WordPress REST API Fetch Handler
Fetches content from public WordPress sites via REST API endpoints, providing structured data access as a modern alternative to RSS feeds.
Architecture
Base Class: Extends FetchHandler (@since v0.2.1)
Inherited Functionality:
- Automatic deduplication via
isItemProcessed()andmarkItemProcessed() - Engine data storage via
storeEngineData()for downstream handlers - Standardized responses via
successResponse(),emptyResponse(),errorResponse() - Centralized logging and error handling
Implementation: Uses DataPacket class for consistent packet structure
API Integration
REST API v2: Uses WordPress REST API v2 endpoints (/wp-json/wp/v2/) for standardized data access.
Public Access: Fetches publicly accessible content without authentication requirements.
Embedded Data: Automatically includes embedded data (featured images, author info, etc.) using _embed parameter.
Configuration Parameters
| Parameter | Type | Required | Description |
|---|---|---|---|
site_url |
string | Yes | Target WordPress site URL (without trailing slash) |
post_type |
string | No | Post type to fetch (default: "posts") |
post_status |
string | No | Post status filter (default: "publish") |
timeframe_limit |
string | No | Filter by date: all_time, 24_hours, 72_hours, 7_days, 30_days |
search |
string | No | Search term for post title and content |
orderby |
string | No | Sort field: date, title, modified (default: "date") |
order |
string | No | Sort order: asc, desc (default: "desc") |
Usage Examples
Basic Site Content:
$handler_config = [
'wordpress_api' => [
'site_url' => 'https://example.com'
]
];
Custom Post Type with Search:
$handler_config = [
'wordpress_api' => [
'site_url' => 'https://news.site.com',
'post_type' => 'articles',
'timeframe_limit' => '7_days',
'search' => 'technology',
'orderby' => 'modified',
'order' => 'desc'
]
];
Data Processing
Single Item Selection: Processes the first eligible post that passes deduplication checks (up to 10 posts queried per request).

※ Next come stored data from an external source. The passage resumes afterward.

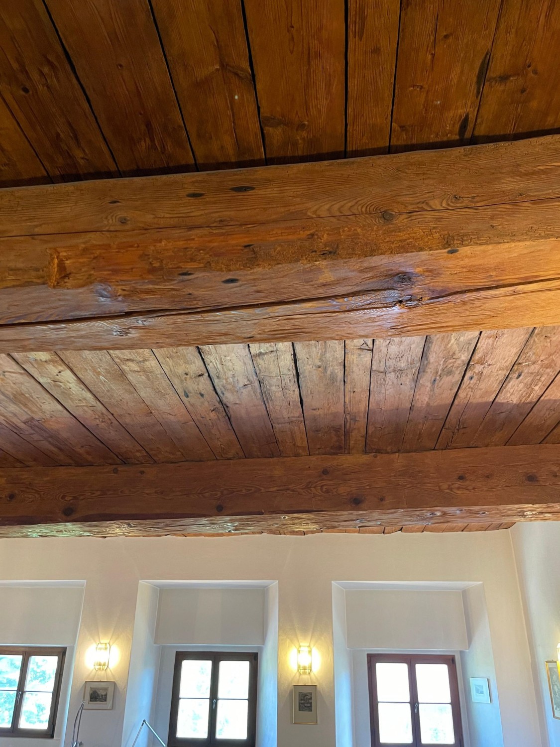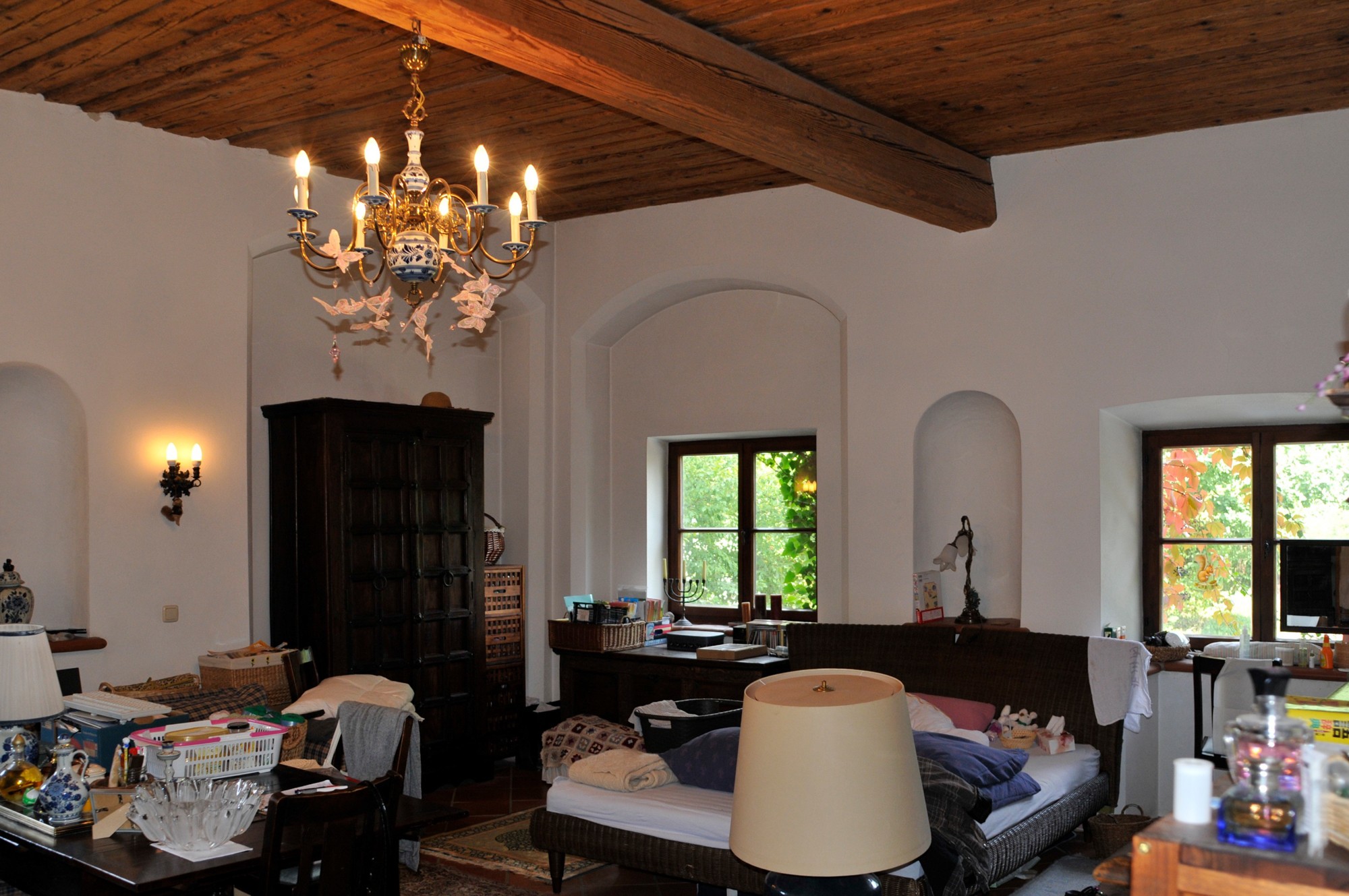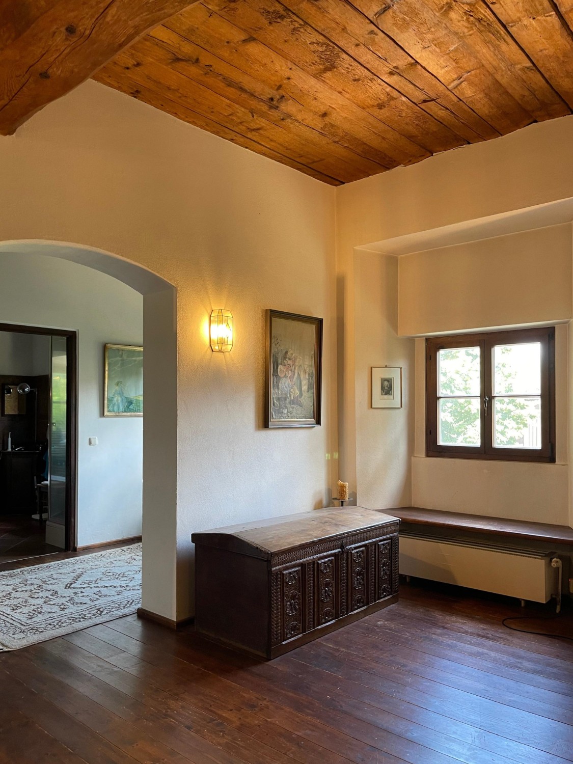 Le château, avec des murs jusqu’à 1 m d’épaisseur et de solides voûtes et plafonds en bois, a été entièrement rénové dans les années 1990. Restauré selon les plans historiques, partiellement reconstruit et renforcé structurellement, il offre aujourd’hui un confort moderne haut de gamme : chauffage central et au sol, salles de bains, électricité, sols, plâtres, toiture, escaliers et garage neufs.
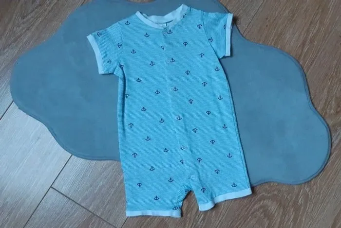 Prix de vente ferme merci Combinaison courte / combishort h&m blanche rayée bleu clair motif marin (ancre) 9/12 mois (80 cm) Neuve jamais portée Pour visualiser tous ce que je possède en 12 mois garçon : #ambre6269012mgarçon
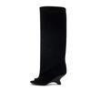 Женские туфли с открытым носком на толстом высоком каблуке, ботфорты до колена, крутые ботинки на скошенном каблуке, модный показ, большой размер, весенне-летние женские ботинки
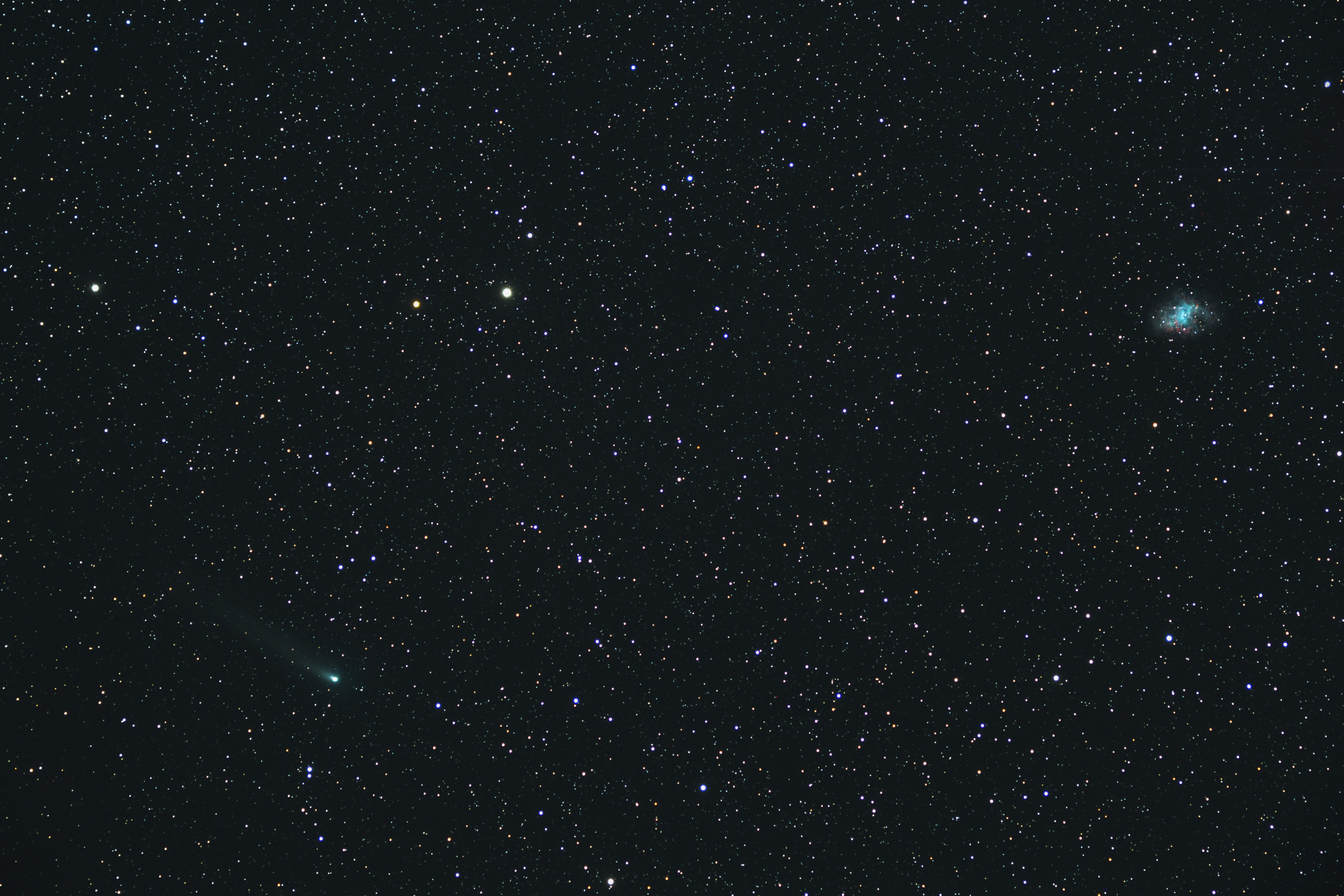 | Cometa 67P/Churyumov- Gerasimenko y a la derecha la nebulosa Messier 1 (Nebulosa de cangrejo) ED80 + reductor de focal + ASI 294MC | Cometa 29P/ con el 150/1200 foto cortesía de Pablo González |
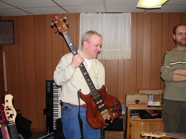 A few years ago I went to a GTG in northern Ohio.  A bunch of guys from Detroit, Cleveland, and Indiana showed up.  Most of them got a chance to play 87-4431.  The lucky guy in this picture is Detroit bassist Steve Burk.  I think that's his Sadowsky casting a jealous glance.
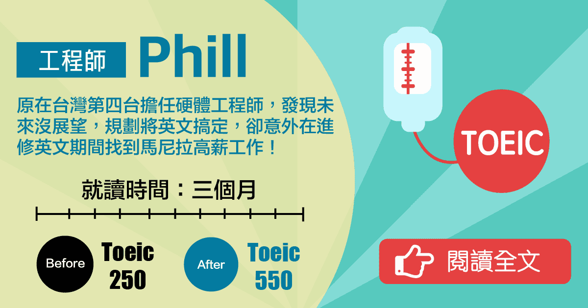 菲律賓雅思保證班幫助人原本對台灣工作不太滿意的Phill,成功達標美國研究所的入學門檻,更取得了海外工程師的offer,年薪突破百萬。
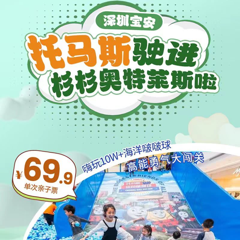嘟嘟嘟!托马斯驶进深圳宝安杉杉奥特莱斯啦! ¥69.9/1大1小(不限身高),嗨玩10W+海洋啵啵球,高能勇气大闯关!超好玩,巨过瘾!周末通用~
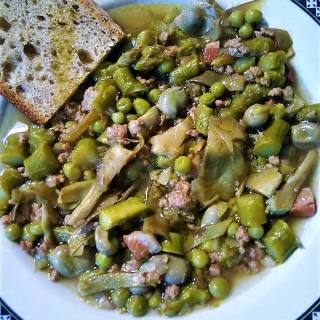 Io metto prima i carciofi poi gli asparagi, i pisellini e le fave.

Deduplication: Uses MD5 hash of {site_url}_{post_id} as unique identifier for cross-site content tracking.
Content Extraction: Extracts rendered HTML content and strips tags for clean text output.
Content Format
Post Content:
Source: {site_name}
Title: {post_title}
{post_content_stripped_of_html}
Featured Image Support
Automatic Detection: Extracts featured image URLs from embedded media data in REST API response.
Fallback Strategy:
- Primary:
_embedded['wp:featuredmedia'][0]['source_url'] - Secondary:
_embedded['wp:featuredmedia'][0]['media_details']['sizes']['full']['source_url'] - Fallback: Direct
featured_mediaURL construction
Output Structure
DataPacket Content:
[
'data' => [
'content_string' => '...', // Formatted post content
'file_info' => null // No file info for API content
],
'metadata' => [
'source_type' => 'wordpress_api',
'original_id' => 'remote_post_id',
'source_url' => 'post_permalink',
'original_title' => 'post_title',
'image_source_url' => 'featured_image_url',
'original_date_gmt' => 'post_date_gmt',
'site_url' => 'source_site_url',
'site_name' => 'extracted_site_name'
]
]
Site Name Detection
Extraction Methods:
- From site title in REST API response metadata
- Fallback to hostname from site URL
- Default to domain name if other methods fail
Date Filtering
ISO 8601 Format: Uses RFC 3339 datetime format for after parameter in API requests.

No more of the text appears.